# DATA PROVIDED
━━━━━━

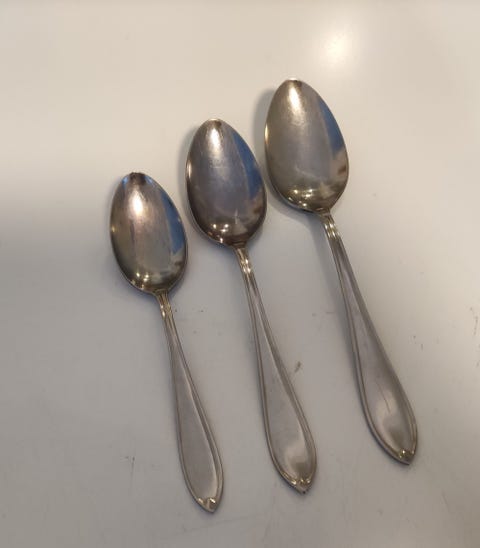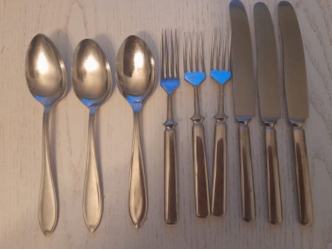 Jos hankit aterimia ja pöytähopeita käytettynä, muistathan että niitä kannattaa kiillottaa säännöllisesti. Netistä löydät runsaasti vinkkejä esimerkiksi hopean puhdistukseen. Toki vanhassa esineessä saa monen mielestä myös näkyä jonkin verran ajan patinaa. Myös oikea säilyttäminen auttaa pitämään vanhat hopeat kiiltävinä: pöytähopeat kannattaa säilyttää joko alkuperäisissä laatikoissa tai esimerkiksi puuvilla- tai minigrip-pusseissa, mieluiten valolta suojattuna.
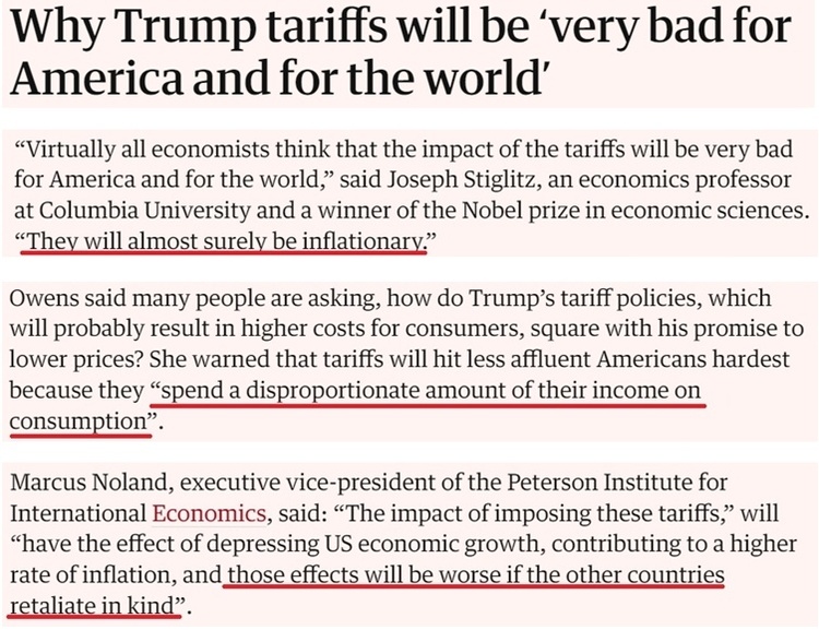 文章援引美国哥伦比亚大学经济学教授、诺贝尔经济学奖得主约瑟夫·斯蒂格利茨的话强调,“几乎所有经济学家都认为,关税将对美国和世界非常不利”,“它们几乎肯定会导致通胀”。
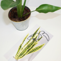Výška zápichu je cca 26 cm. Zabalen je na kartě z tvrdého kartonu v rozměru 29 x 14 cm s motivem pokojové květiny v akvarelu.
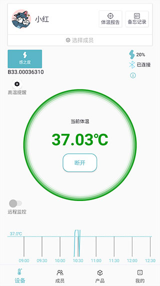 6、感之度产品配有医用级胶贴,可多次使用,并通过充电盒充电。2、单个账户可多用户监测 当体温到达用户设置的报警值时发送提醒 通过邮件或短信导出体温信息
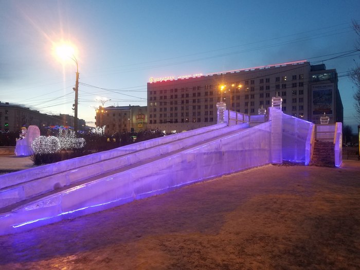 Проходили мимо ледяной горки! На самом деле, она деревянная, наживую собранная из бруса - но обложена толстыми стенками из льда. А в лёд впаяны светодиодные ленты, проплавившие своим теплом ходы сантиметра два толщиной.
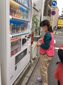 ビブスをつけた後、自動販売機まで移動しました。そこで飲みたいジュースを選び、各自お財布から必要な小銭を出して買いました。
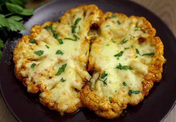 Pecite karfiol u zagrejanoj rerni na 180°C oko 20 minuta. Zatim pospite rendani sir i pecite još 10 minuta. Gotov karfiol pospite seckanim peršunom.
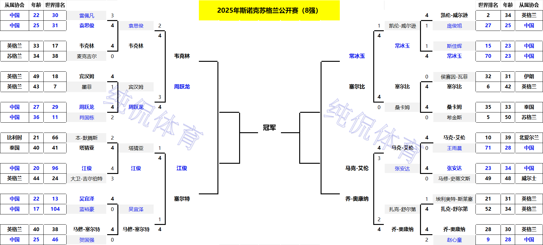 來到北京時間12月19日至20日凌晨,本屆蘇格蘭公開賽1/4決賽全面打響,3名中國球員具體對陣詳情如下:
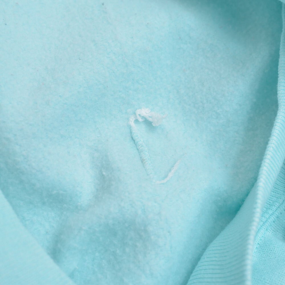 ・使用感や軽い毛羽立ち、画像のようにプリント下のうっすらとシミや、左袖リブ口の薄いシミ、右手首付近の薄いシミ、などありますが、その他目立つ汚れ、ダメージは見当たらず、日常的に古着を着用されている方であれば、問題無く着用して頂けると思います
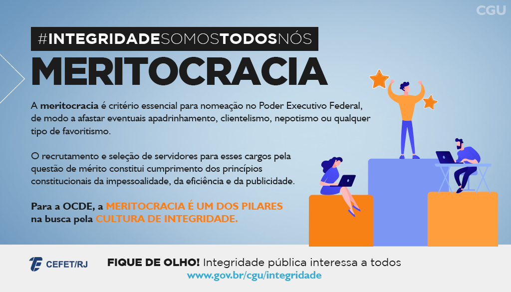 Para aprimorar os programas de integridade pública e promover essa cultura dentro dos órgãos e das entidades do Poder Executivo Federal, a Controladoria-Geral da União (CGU) lançou a campanha Integridade no Governo Federal, com a hashtag #INTEGRIDADESOMOSTODOSNÓS. Neste mês de dezembro, a campanha aborda o tema Meritocracia.
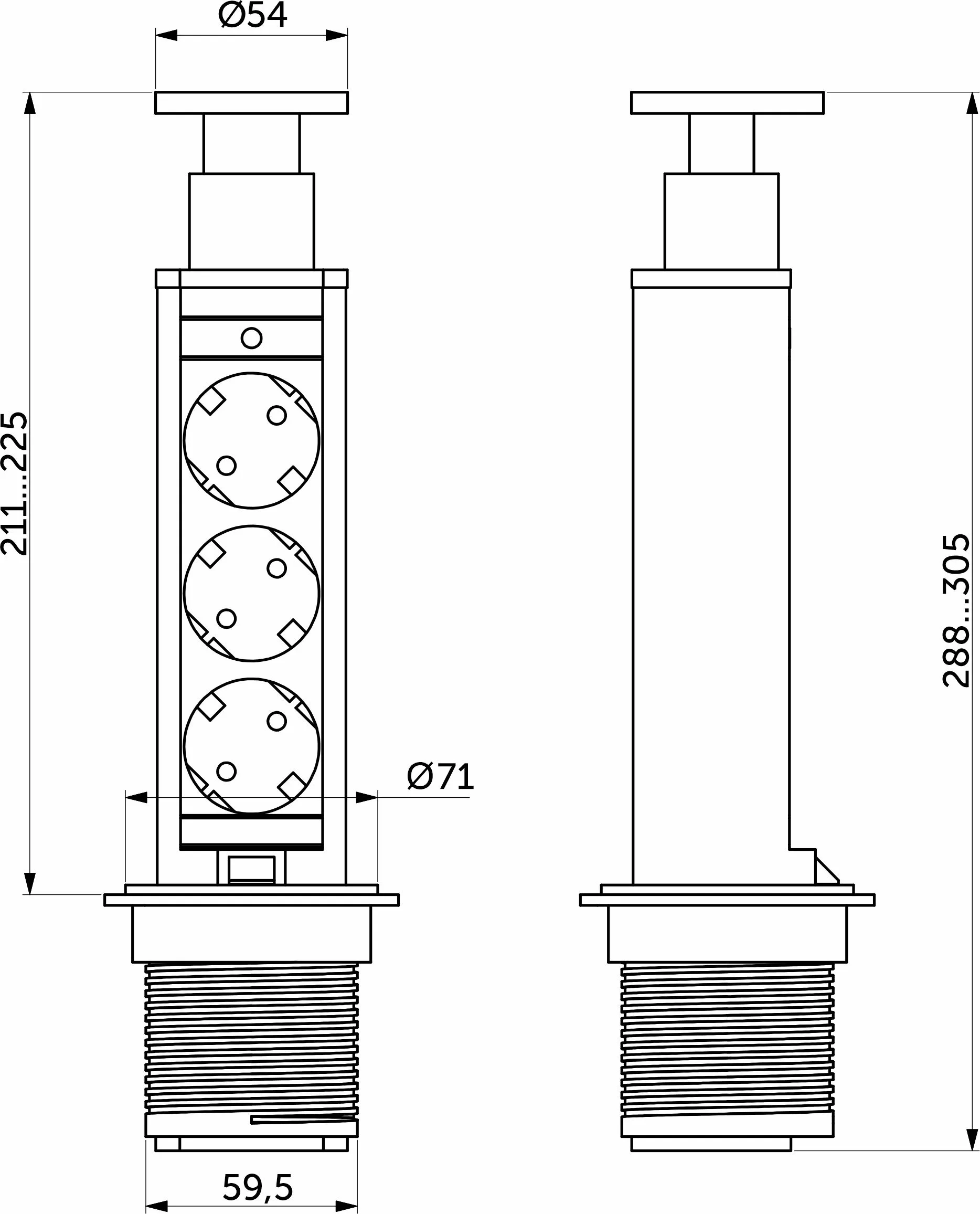 Выдвижной удлинитель Vulcan, 60 мм, 3 розетки, крышка пластик, цвет черный, AKS
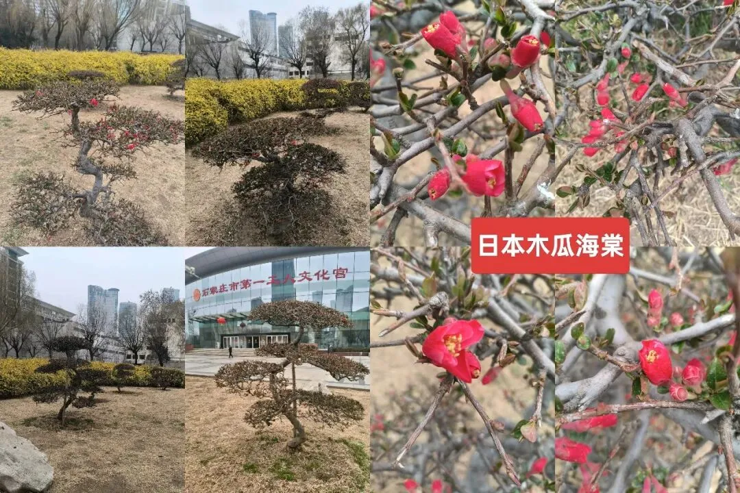 二是在花圃中有几棵造型别致的植物,不知道是什么树种,枝头有很多的花骨朵含苞待放,有一两朵好似“犹抱琵琶半遮面”。用识花君扫了扫,告知是“日本木瓜花”,属于木瓜海棠属的。
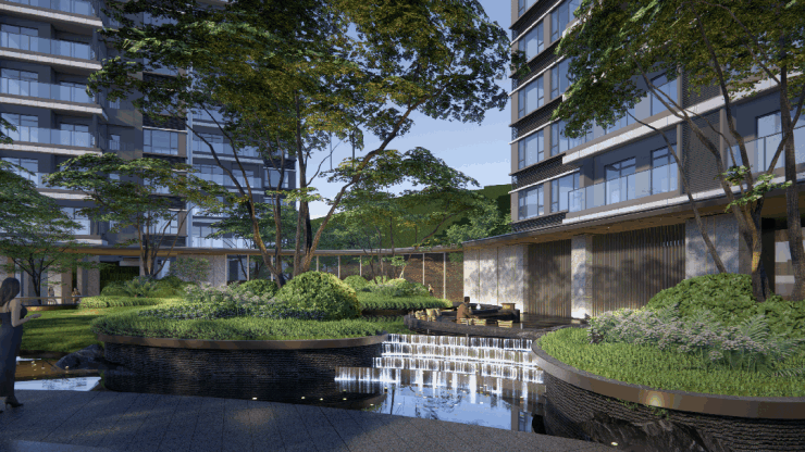 自然景观是另一个加分项。项目背靠大山乸森林公园(占地近946万平方米,在建中),西侧紧邻凤凰湖系列湖泊,包括3号湖凤举湖、5号湖凤林湖、6号湖凤采湖,推窗就能看到湖景和山体。社区内部做了约1.8万平方米的下沉式双层园林,高差近5米的水景、半天云瀑布、庭院式山水景观都搬了进来。归家动线从近50米宽的生命树迎宾大门开始,经过下沉园林、儿童乐园、登山庭院等功能分区,每一步都试图给业主带来情绪价值。很多看房者形容这里像“生长在公园里的房子”,入则宁静,出则繁华。
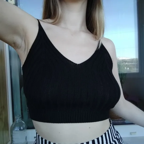 Сначала не знала с чем носить, поэтому пока такая вещь сугубо для домашнего образа. Качество отличное, кроме белой непонятной нити, которая как-то связана и не достаётся (на фото), за это и снимаю звездочку. А так удобный и красивый топ. До Москвы шло 17 дней
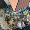 Eve giden polis, zabıta ve belediye temizlik ekipleri, dairenin ve apartmanın bahçesinin çöplerle dolu olduğunu gördü.
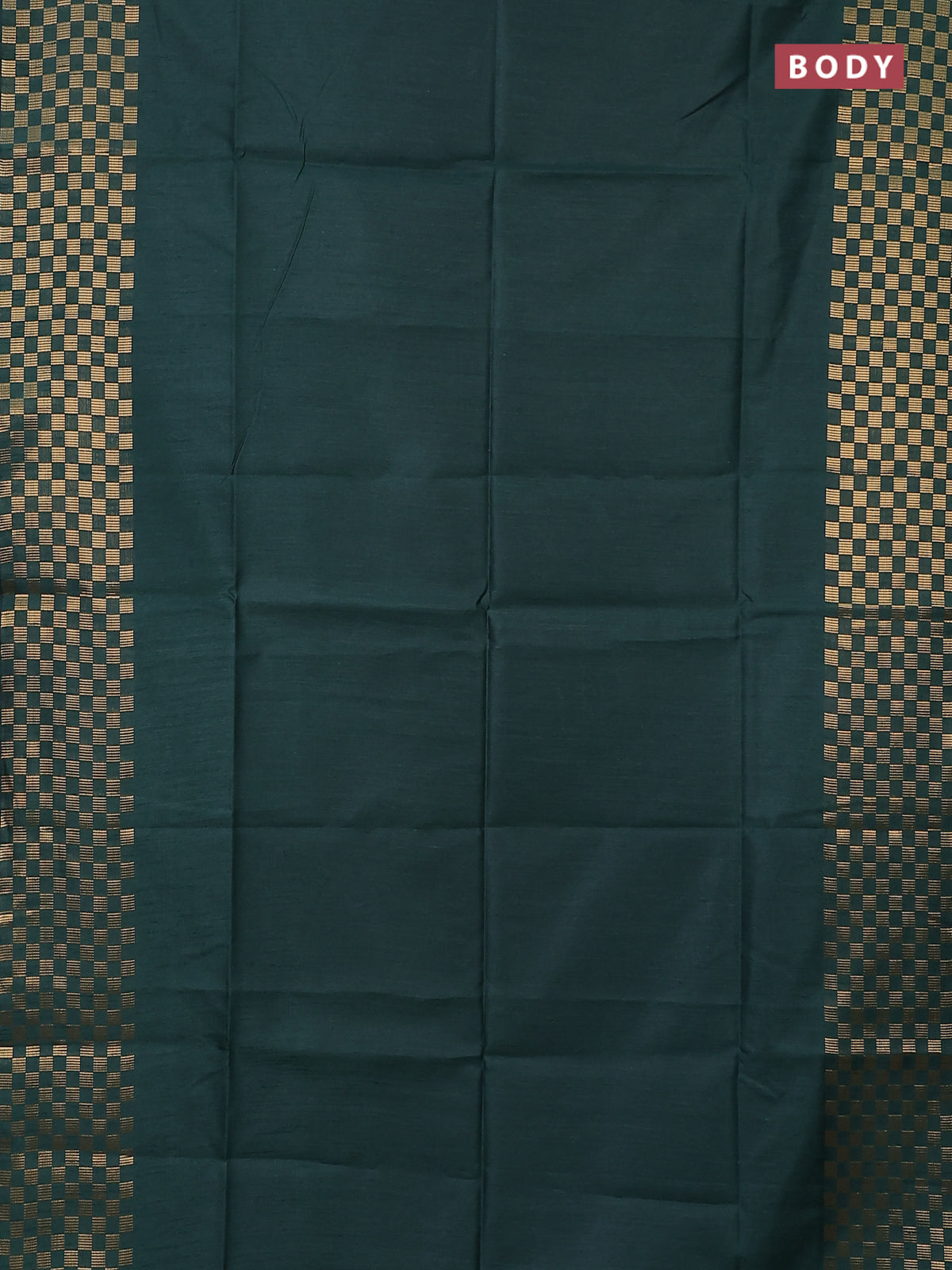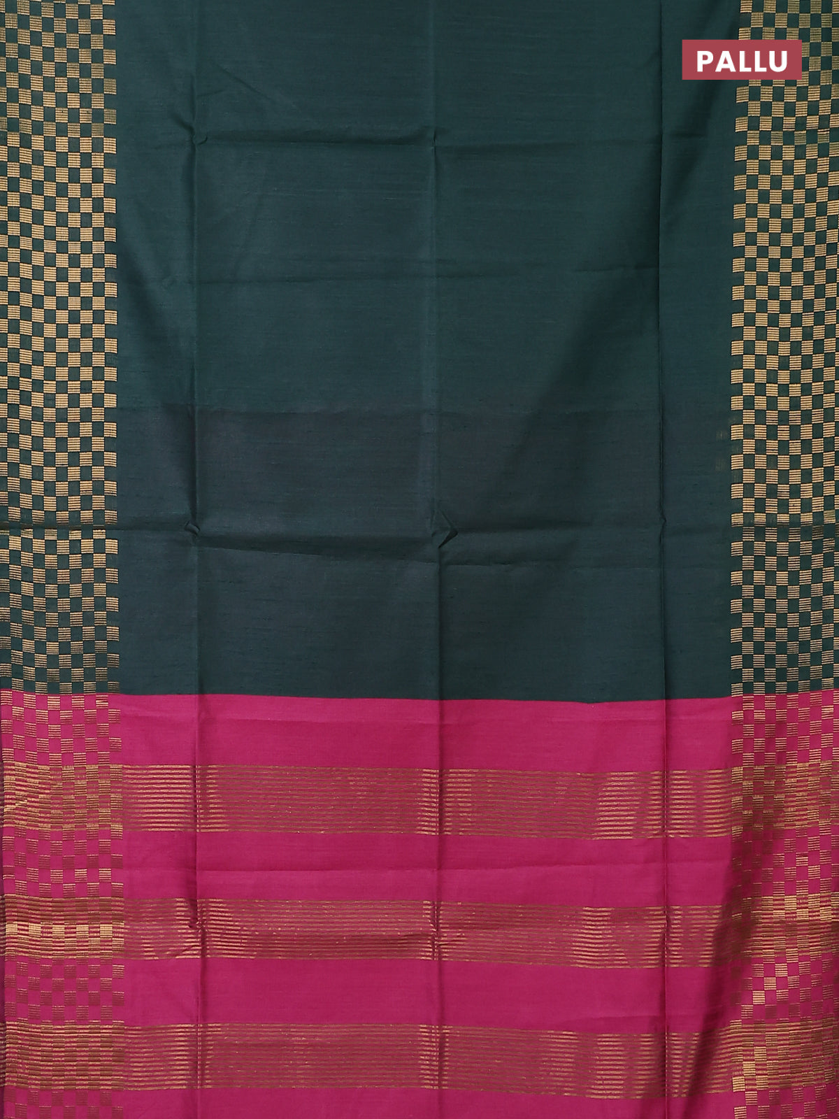 Semi dupion saree bottle green and pink with plain body and zari woven checked border

━━━━━━

# DIRECTIONS FOR THIS TASK
Give again, word for word, only the lines that run from the top of the data above through the line with "來到北京時間12月19日至2". Drop the pictures.

# EXERCISE SOLUTION
 Jos hankit aterimia ja pöytähopeita käytettynä, muistathan että niitä kannattaa kiillottaa säännöllisesti. Netistä löydät runsaasti vinkkejä esimerkiksi hopean puhdistukseen. Toki vanhassa esineessä saa monen mielestä myös näkyä jonkin verran ajan patinaa. Myös oikea säilyttäminen auttaa pitämään vanhat hopeat kiiltävinä: pöytähopeat kannattaa säilyttää joko alkuperäisissä laatikoissa tai esimerkiksi puuvilla- tai minigrip-pusseissa, mieluiten valolta suojattuna.
 文章援引美国哥伦比亚大学经济学教授、诺贝尔经济学奖得主约瑟夫·斯蒂格利茨的话强调,“几乎所有经济学家都认为,关税将对美国和世界非常不利”,“它们几乎肯定会导致通胀”。
Výška zápichu je cca 26 cm. Zabalen je na kartě z tvrdého kartonu v rozměru 29 x 14 cm s motivem pokojové květiny v akvarelu.
 6、感之度产品配有医用级胶贴,可多次使用,并通过充电盒充电。2、单个账户可多用户监测 当体温到达用户设置的报警值时发送提醒 通过邮件或短信导出体温信息
 Проходили мимо ледяной горки! На самом деле, она деревянная, наживую собранная из бруса - но обложена толстыми стенками из льда. А в лёд впаяны светодиодные ленты, проплавившие своим теплом ходы сантиметра два толщиной.
 ビブスをつけた後、自動販売機まで移動しました。そこで飲みたいジュースを選び、各自お財布から必要な小銭を出して買いました。
 Pecite karfiol u zagrejanoj rerni na 180°C oko 20 minuta. Zatim pospite rendani sir i pecite još 10 minuta. Gotov karfiol pospite seckanim peršunom.
 來到北京時間12月19日至20日凌晨,本屆蘇格蘭公開賽1/4決賽全面打響,3名中國球員具體對陣詳情如下:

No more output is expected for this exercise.